# clipping color confusion



## Mickey & Mouse (Apr 5, 2011)

Here is my silly question. Why does the fuzzy coats have a different color than the clipped coats. I was investigating my boy last night and underneath all of that fuzzy brown hair, it looked like it was almost silver underneath? Also how much do you clip off? So if he has brown winter coat but silver summer coat, then what color is he supposed to be? I know that my question is probably silly but I won't know if I don't ask






Tammy


----------



## Laura Leopard (Apr 5, 2011)

Mickey & Mouse said:


> Here is my silly question. Why does the fuzzy coats have a different color than the clipped coats. I was investigating my boy last night and underneath all of that fuzzy brown hair, it looked like it was almost silver underneath? Also how much do you clip off? So if he has brown winter coat but silver summer coat, then what color is he supposed to be? I know that my question is probably silly but I won't know if I don't ask
> 
> 
> 
> ...


Many times a silver dapple will have a winter coat that looks brown. Don't be surprised to find silver dapple when he is clipped. Also, if you are showing, most people body clip with a 30, but if you are not showing you might just want to use a 10 blade.


----------



## hobbyhorse23 (Apr 5, 2011)

It's my understanding that the melanin which gives the hair its color is concentrated at the tips so when you clip, you clip off most of the color. As it gets towards the fall and they're growing their new winter coat, the color stays richer and richer.

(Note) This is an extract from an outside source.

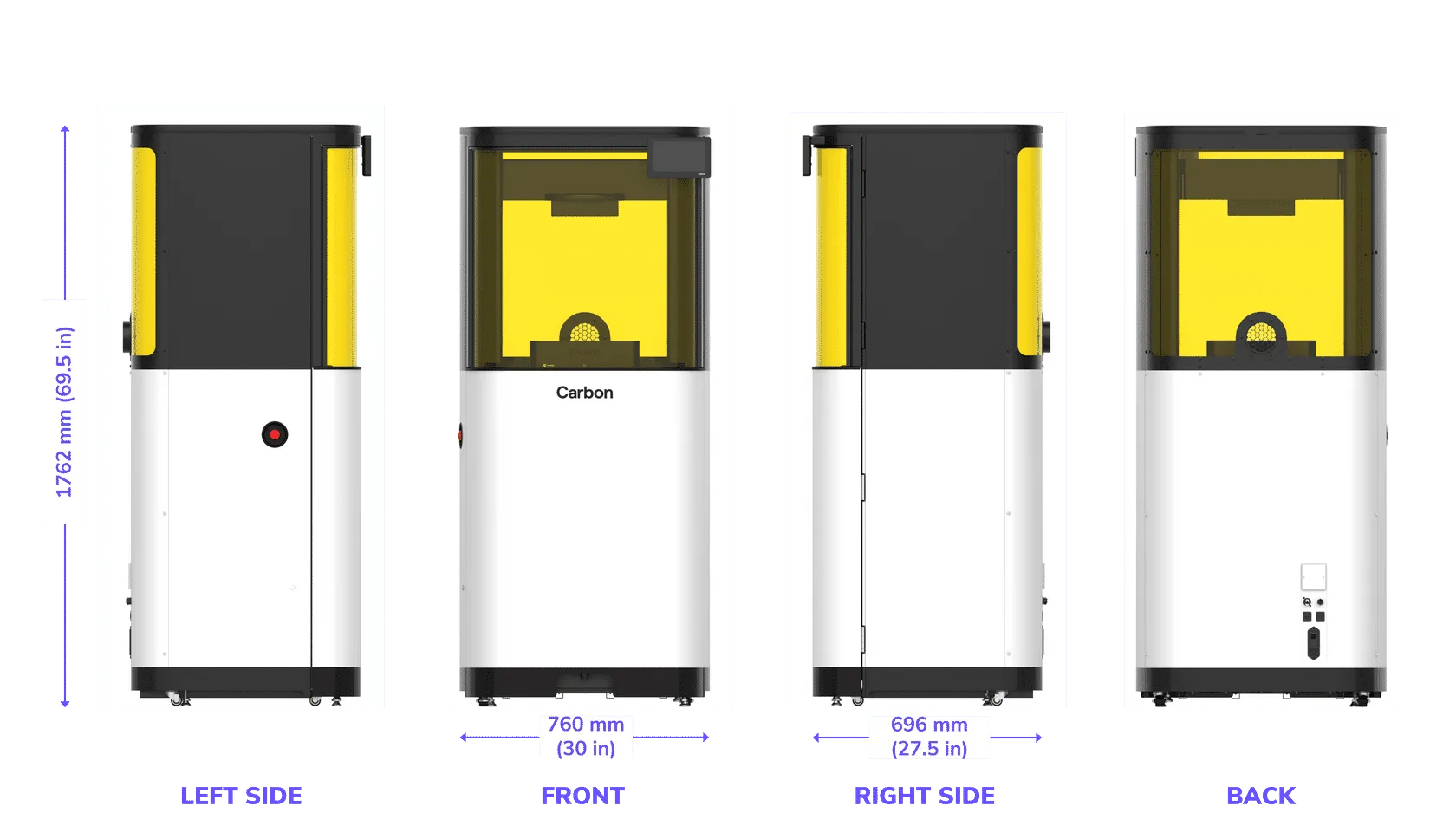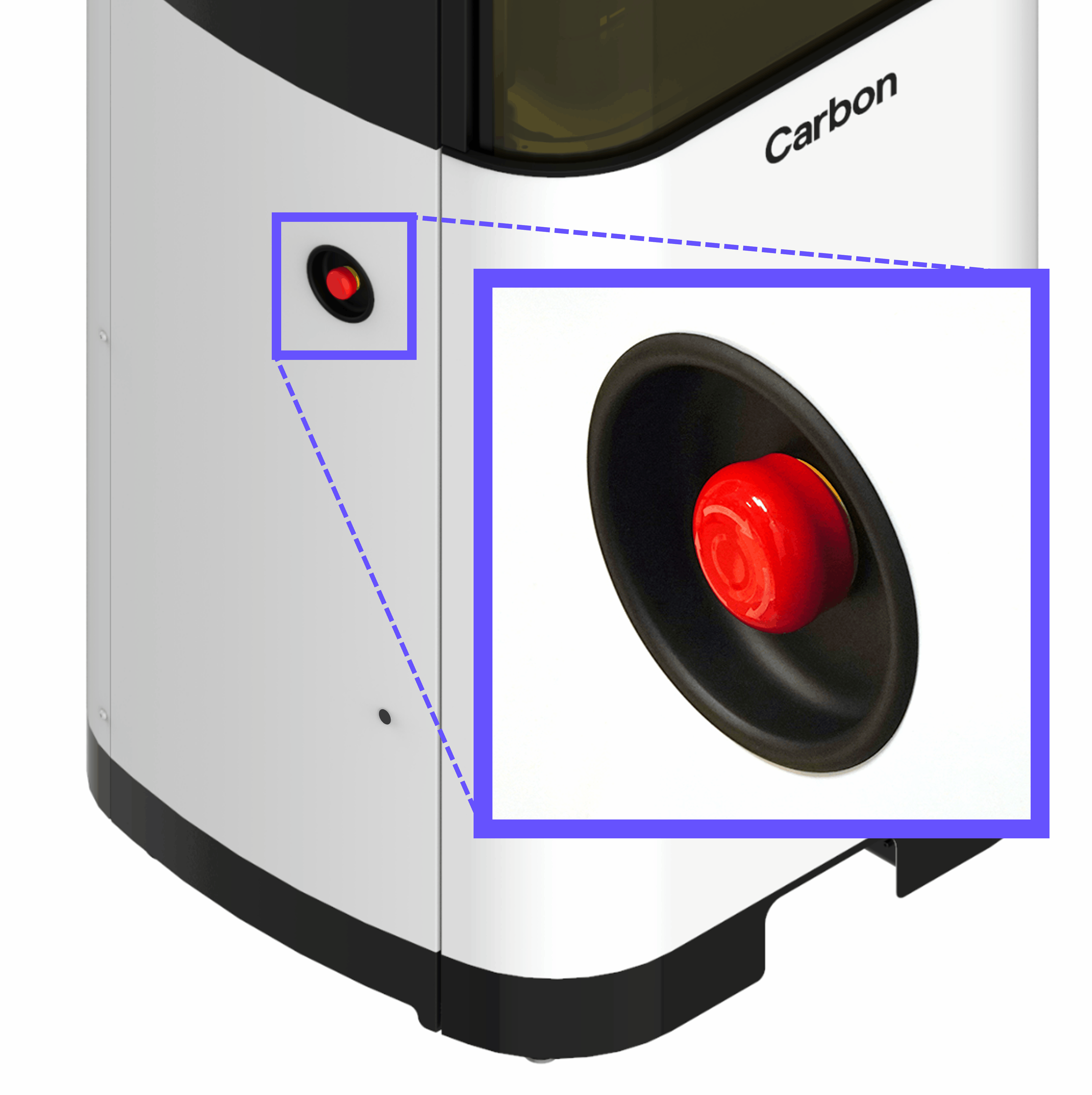 printer stats m3 printer m3 build volume dimensions (w x d x h) 760 x 696 x 1760 mm (30 x 27 5 x 69 3 in) weight 231 kg ( 510 lbs) build envelope 189 x 118 x 326 mm (7 4 x 4 6 x 12 8 in) pixel size 75 µm m3 max printer dimensions (w x d x h) 760 x 696 x 1760 mm (30 x 27 5 x 69 3 in) weight 249 kg ( 550 lbs) build envelope 307 x 163 x 305 mm (12 1 x 6 4 x 12 in) pixel size 75 µm m3 max build volume for information about facility requirements for installation, please refer to docid\ hws1ujvxqpvokv9ymdsu4 or docid\ xckd87zq6nzxz3bsamccb build area parts are printed in the build area operators will primarily interact with components in this part of the printer during daily operation the major components of the build area are platform cassette more information on the build area are provided in a detailed diagram below body the body is the portion of the printer below the build area it is clad with white metal panels foot the foot is the base of the printer there are four built in casters to position the printer there are four leveling feet used to stabilize the printer once in position touchscreen the display shows the printer’s status and has touchscreen functionality for performing basic functions more information provided below printer door the printer door is the curved, transparent yellow barrier that encloses and protects the build area the door moves up and down and is activated using the foot switch located at the foot of the printer the door protects your part from ambient uv light as well as protecting against dust or objects interfering with the printing process the door is disabled during printing and forcing open the door will automatically abort your print foot switch the foot switch, located underneath the front edge of the printer, allows the user to open and close the door by placing their foot under the printer and pushing up on the button pressing and holding the switch will both close the door and start a print when the printer is ready for operation emergency stop button in case of emergency, press the emergency stop (e stop) button when pressed, power will be cut to most printer systems and all printer motion will cease your in progress print will be lost if the emergency stop button is pushed any partially printed parts will need to be discarded and reprinted service door access lock the service door is opened by inserting an 8 mm allen wrench into the access lock hole and turning the wrench an 1/4 of a turn clockwise to release the door open do not turn counter clockwise service door the service door allows access to self service maintenance areas in the printer body build area bridge dimensions (w x d x h) 760 x 696 x 1760 mm (30 x 27 5 x 69 3 in) weight 231 kg ( 510 lbs) build envelope 189 x 118 x 326 mm (7 4 x 4 6 x 12 8 in) pixel size 75 µm the bridge holds the platform and moves it vertically during printing platform the platform is a removable appliance with a flat surface upon which parts are printed rear window the rear is the curved, transparent yellow barrier that encloses and protects the back of the build area the window protects your part from ambient uv light cassette the cassette is a highly engineered optical device that is a critical component of the digital light synthesis™ platform it is a removable appliance that holds the liquid resin used to make parts the window must be properly maintained to ensure print quality improper maintenance or damage to the window will reduce print quality and may result in failed prints and production delays exhaust vent the printer's exhaust vent resides in the rear window at the base of the build area printer deck the printer deck is the flat surface that lines the bottom of the build area the cassette resides on the printer deck projection volume this is an opening in the printer deck that is typically covered by the cassette uv light from the light engine passes up through this space from the printer cavity onto the cassette window more information provided below side covers the build area sides come in three configurations bellows a corrugated cover roller shades a flat sheet of material coverless no covering the bellows and roller shade covers are for cosmetic purposes only to reduce user maintenance, newer printers will not have either cover in place rear connectors during normal use, you shouldn’t need to touch the back of the printer, but you will need access for setup and maintenance do not attempt to open or remove any of the printer panels unless instructed to do so network port standard rj 45 port for connecting the printer to your network via ethernet cable external e stop jumper an external e stop jumper (provided by carbon) must be installed in this port at all times without this jumper in place, the printer will be in an e stopped state without this jumper in place, the printer will be in an e stopped state this jumper also allows the usage of a remote e stop device v1 e stop jumper is user installed (refer to docid\ cuc 4ice6kvrrgvjrfxrj instructions ) v2 compact e stop jumper is pre installed power switch the power switch must be turned on to supply power to the printer select maintenance tasks will require shutting down power with this switch ac power socket power socket for the printer electrical inlet connection iec 320 c19 reserved not for customer use at this time compressed air inlet the printer requires a connection to compressed air air inlet ¼” npt female bulkhead connector exhaust outlet air from the build area is passed through the exhaust at the back of the printer the printer must be connected to mechanical ventilation via a 4 inch diameter duct reserved not for customer use at this time usb port two usb ports are located behind a service panel during printer setup, users will use one of these ports (either is fine) to connect the printer to carbon servers during normal operation or maintenance, this service panel will be closed and not in use cassette the m3 / m3 max printer

Always clip flat to the skin- use different blades to vary how much hair you leave but always run the clippers themselves flat to the skin. Otherwise you'll leave major tracks and a very hacked-off looking clip job.







Laura Leopard said:


> Also, if you are showing, most people body clip with a 30, but if you are not showing you might just want to use a 10 blade.


There are MANY of us who believe clipping with a 30 is insane, showing or not. 15's do just fine and there's nothing wrong with using a 10.



For a rough pasture clip I've been known to use a 7f early in the season so they still have some bug and skin protection.

Leia


----------



## targetsmom (Apr 5, 2011)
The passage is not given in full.